Thena is purebred, but cannot be registered with any kennel club or other organization as her sire only has limited registration. Could we find suitable homes for up to 12 puppies without papers? Would we bring sweet puppies into the world for a future at the local GSD rescue, the humane society, or at the home of a cruel and abusive owner? Would beautiful puppies end up euthanized because of the overabundance of puppies and under abundance of good homes?

What if Thena had pregnancy and/or whelping issues? Would we know what to do? Would she survive? 

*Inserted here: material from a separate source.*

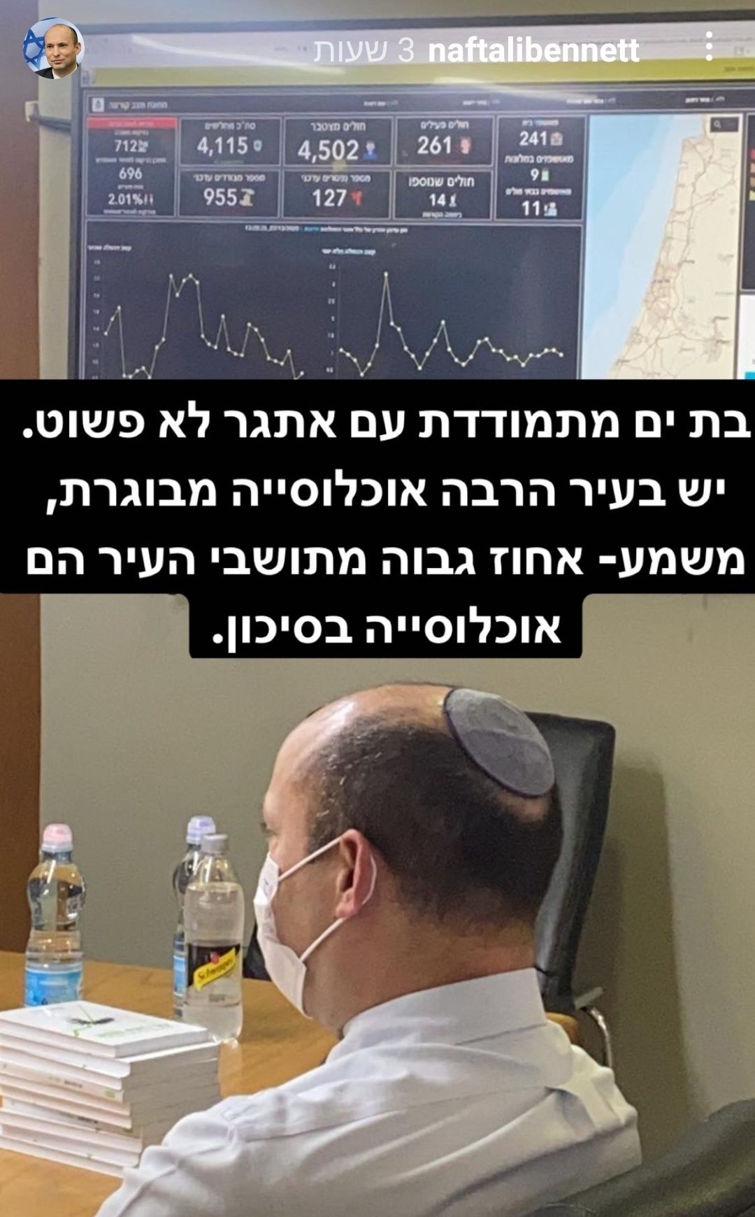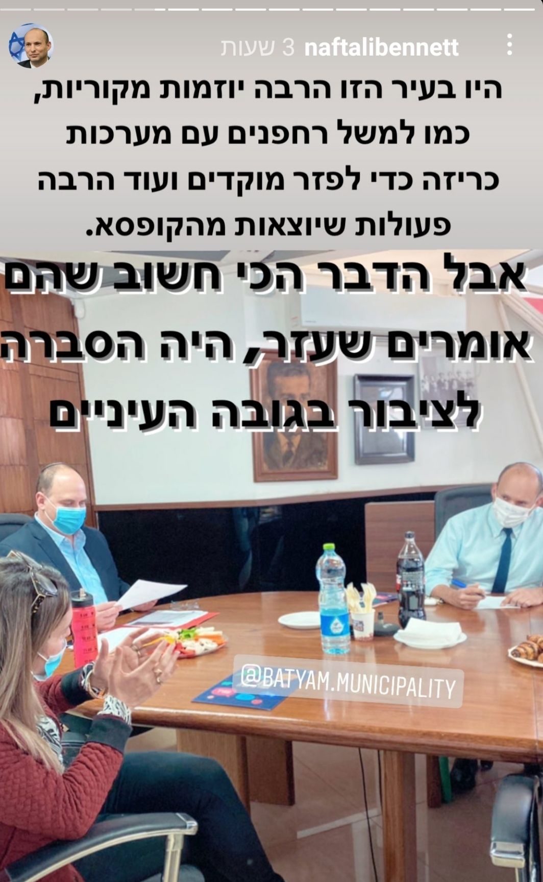 ח"כ ויו"ר ימינה, נפתלי בנט, ממשיך במסעו ברחבי ישראל והגיע השבוע לביקור בבת ים. במסגרת ביקור הוא נפגש עם ראש העירייה, צביקה ברוט וסגני ראש העיר, אורי בוסקילה, ואלי יריב, שספרו לו על ההתמודדות של העיר עם משבר הקורונה ומאמצם להורדת התחלואה. בהמשך יצא בנט לסיור בעיר בו נפגש עם בעלי העסקים ותושבים שספרו לו על ההתמודדות עם המשבר ומה הם חושבים על המצב.
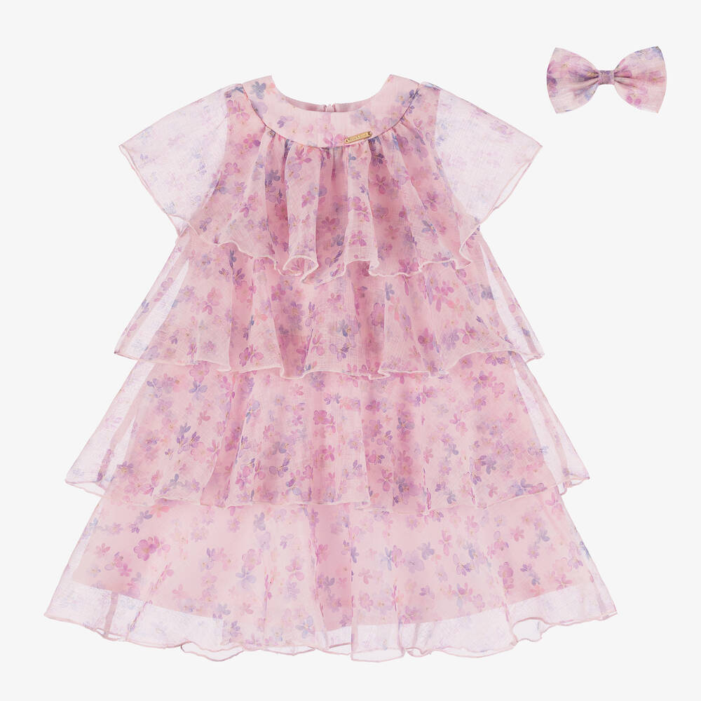 A pretty pink dress for younger girls by POCA & POCA, made in soft and lightweight chiffon fabric. This lovely layered design is patterned with flowers in muted shades of pink, blue and purple. It has a comfortable cotton-blend lining and a light, sheer top layer that covers each shoulder. The dress comes with a matching bow hair clip for an extra special touch.

I understand the temptation to breed a wonderful dog. Nonetheless, if anyone reading this has the best pet ever and is considering a litter, please go visit your local GSD rescue and/or your local humane society. Look into the eyes of the beautiful and deserving animals who may never leave these shelters. Therein lies your answer.


----------



## WNGD (Jan 15, 2005)

Future GSD litters should come from great breeders who know what they're breeding for (and from). Imagine if everyone who had "the best dog ever" produced a litter? There's far too many so-so GSD being sold already from those that think they are breed worthy. Hopefully, the pendulum will swing back again one day, GSD will become far less popular and therefore, less profitable to breed.


----------



## Ringhram (Sep 4, 2021)

@WNGD, that is wisdom.


----------